- **Task instructions**
Starting at the line that has "Zeus was the" and stopping after the line that has "When accessorizing a", reproduce the listing below exactly; omit everything else.
[Provided data — start]
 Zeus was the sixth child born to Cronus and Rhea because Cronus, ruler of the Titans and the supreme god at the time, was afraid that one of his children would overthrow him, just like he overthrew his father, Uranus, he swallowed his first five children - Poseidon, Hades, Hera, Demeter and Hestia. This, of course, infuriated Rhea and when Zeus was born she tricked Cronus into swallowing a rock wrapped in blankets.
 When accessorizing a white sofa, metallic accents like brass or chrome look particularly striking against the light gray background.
[Provided data — finish]
[Provided data — start]
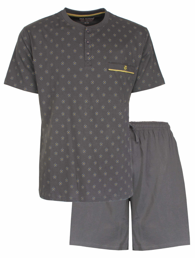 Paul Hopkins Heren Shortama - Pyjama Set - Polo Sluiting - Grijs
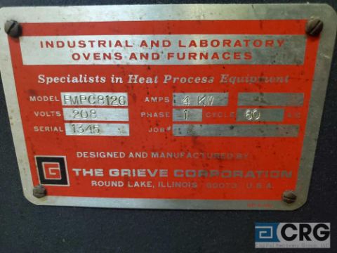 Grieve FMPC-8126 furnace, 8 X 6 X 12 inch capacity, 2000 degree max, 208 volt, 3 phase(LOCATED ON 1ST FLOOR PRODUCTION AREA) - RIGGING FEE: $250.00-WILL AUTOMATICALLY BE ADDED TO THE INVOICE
[Provided data — finish]
[Provided data — start]
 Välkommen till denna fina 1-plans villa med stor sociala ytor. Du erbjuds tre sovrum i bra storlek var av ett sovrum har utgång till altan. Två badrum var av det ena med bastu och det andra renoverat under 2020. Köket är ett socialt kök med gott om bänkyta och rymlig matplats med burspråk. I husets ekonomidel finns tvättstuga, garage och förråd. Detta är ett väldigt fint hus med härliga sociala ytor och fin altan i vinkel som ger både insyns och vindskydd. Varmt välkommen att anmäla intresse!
[Provided data — finish]
- **Written solution**
 Zeus was the sixth child born to Cronus and Rhea because Cronus, ruler of the Titans and the supreme god at the time, was afraid that one of his children would overthrow him, just like he overthrew his father, Uranus, he swallowed his first five children - Poseidon, Hades, Hera, Demeter and Hestia. This, of course, infuriated Rhea and when Zeus was born she tricked Cronus into swallowing a rock wrapped in blankets.
 When accessorizing a white sofa, metallic accents like brass or chrome look particularly striking against the light gray background.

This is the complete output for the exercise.